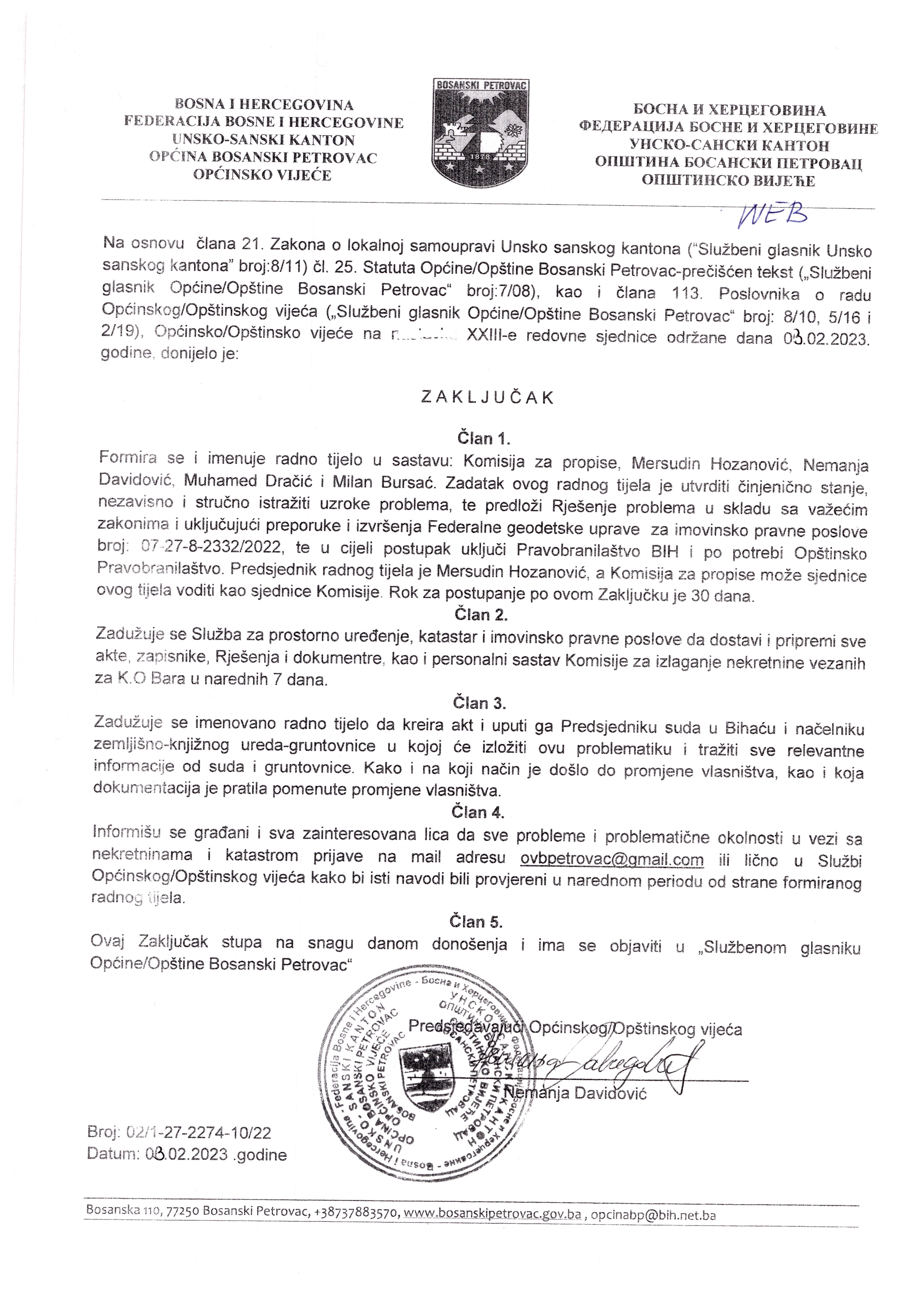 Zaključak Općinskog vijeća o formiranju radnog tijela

================

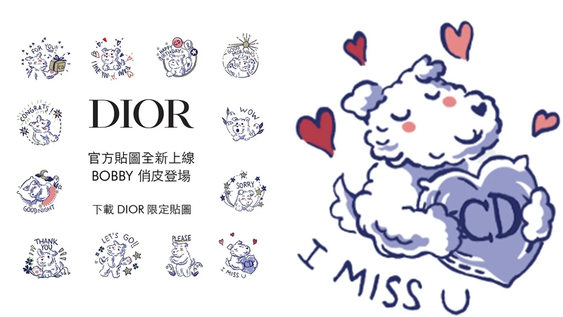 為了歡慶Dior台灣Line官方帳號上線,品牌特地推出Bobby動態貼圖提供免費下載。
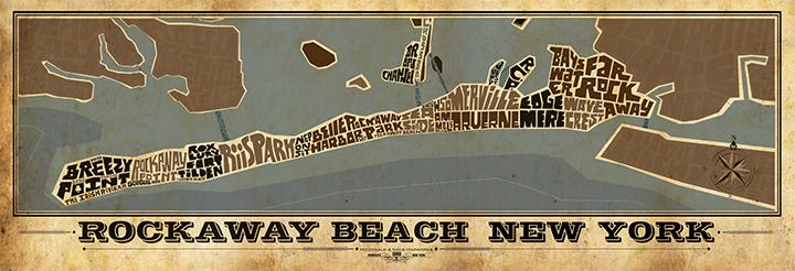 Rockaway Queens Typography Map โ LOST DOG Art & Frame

================

In the records above, find the line with "為了歡慶Dior台灣Line" and the line with "Rockaway Queens Typography"; please transcribe exactly those two lines and all lines between them, omitting any picture.

▸ **Answer**
 為了歡慶Dior台灣Line官方帳號上線,品牌特地推出Bobby動態貼圖提供免費下載。
 Rockaway Queens Typography Map โ LOST DOG Art & Frame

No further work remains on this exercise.